3 less obvious benefits of reducing carbon

Ben Hellawell, from an ICE Carbon Champion project team, explains some of the advantages of lowering carbon emissions in infrastructure that might not be the first ones that come to mind. 

Talent will line up to work for your carbon-focussed organisation. Image credit: Shutterstock
Talent will line up to work for your carbon-focussed organisation. Image credit: Shutterstock
  • Updated: 05 October, 2021
  • Author: Ben Hellawell , senior project engineer at Transport for London (TfL)

From the list below, if I asked you to pick the benefits that reducing ‘carbon’ (a word used as shorthand for the global warming potential of all key greenhouse gases) has in the design, delivery, use and maintenance of our infrastructure, which would you pick?

  • Reducing greenhouse gas emissions.
  • Reducing costs.
  • Helping keep average temperatures less than two degrees above pre-industrial levels.
  • Driving innovation.
  • Helping meet mayoral targets and national law around net zero carbon.
  • Reducing waste.
  • Showing client leadership in response to the climate crisis.
  • Motivating people, attracting talent and developing new skills.

Some are clear and obvious. Carbon emissions increase the heat trapped by the earth’s atmosphere, increasing average temperatures and sea levels, as well as increasing the frequency and severity of extreme weather events.

Reducing emissions will improve the current trajectory for carbon in the atmosphere. The ultimate extent of the temperature rise will be proportionate to the impact on everything from geopolitics and the global economy to extreme weather and biodiversity.

Some benefits from reducing carbon are less obvious though. I’m now going to explore a few items from the list above that you might not have picked.



1. Reducing costs

In 2013, the Infrastructure Carbon Review was published, which showed that reducing carbon reduces the cost of infrastructure.

This can initially be puzzling, as being green is often assumed to rely on unproven, nascent or expensive methods and technology.

But energy and material usage are analogous to carbon, and reducing them provides savings in the construction and utilisation of infrastructure. It can also provide savings in the design phase that more than offset the cost of carbon modelling and management, as there is less to design.

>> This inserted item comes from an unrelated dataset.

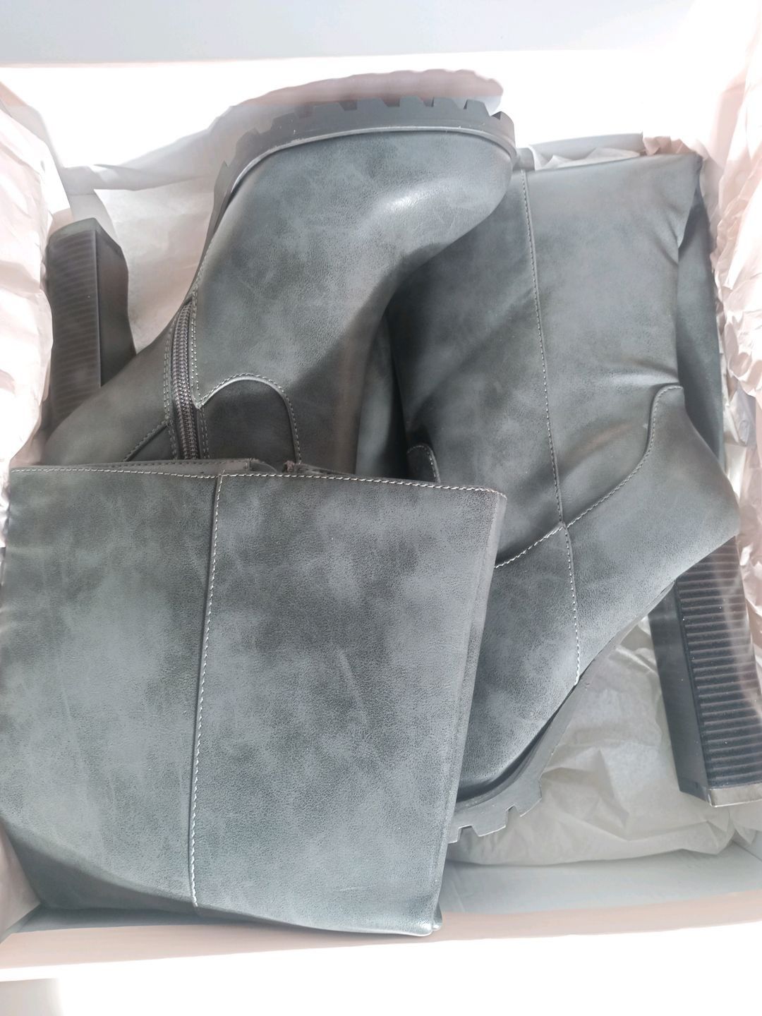 Grey leatherette heeled boots - JUSTFAB - size 40.5 - small manufacturing defects visible on the photos - Brand new - Recoverable VAT - This lot available everywhere in France from € 12.24 - This lot available everywhere in Europe from € 18.00

The standard relationship between carbon and cost – focus initially on areas where reducing carbon reduces cost! 

The Colindale Station Redevelopment project is the most recent Transport for London (TfL) project to demonstrate that reducing carbon reduces cost, and its efforts have been recognised by ICE’s Carbon Champion initiative.

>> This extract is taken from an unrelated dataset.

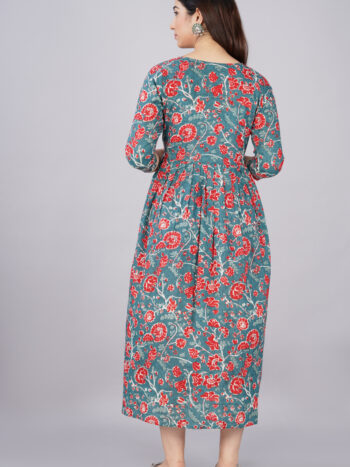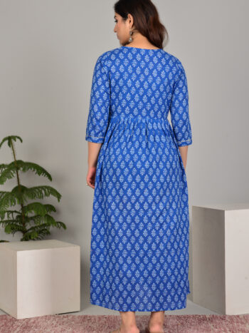 Sale 100%Ashvy Soft Cotton Maternity Kurti with Dual Zips – Anarkali Style Feeding Gown(Royal Blue)

A relentless focus on building less and reducing waste has led to a 27% reduction in building volume and 48% reduction in back of house floor space (compared to the baseline), while still meeting the requirements.

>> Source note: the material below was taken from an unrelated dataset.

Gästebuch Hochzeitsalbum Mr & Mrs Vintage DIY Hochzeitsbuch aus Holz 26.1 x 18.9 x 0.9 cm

2. The importance of the client in reducing carbon

Another benefit of managing carbon is that it shows leadership.

In March, a 7 years on report was published to the Infrastructure Carbon Review, which summarises the progress as good, but not fast enough.

It concluded that transport as a sector was a laggard and that there was a “reluctance or inertia among most clients and asset owners to drive ambitious carbon reduction. Rather than embracing the pivotal role of a carbon integrator, most of the carbon management responsibilities and leadership are delegated to the supply chain”.

The Colindale Station Redevelopment is an example of where we set clear requirements in the contract, paid for them as we must, held the supplier to account, shared risk with them and ultimately benefited from the work.

As a client organisation, we must recognise that we are the most important, and often weakest, link in the carbon chain.

3. How carbon reduction motivates and develops people

Leading on carbon reduction has also been shown to increase retention, attract new talent and motivate people. Who wouldn’t want to be part of the response to a challenge that is regularly compared to the global coronavirus pandemic?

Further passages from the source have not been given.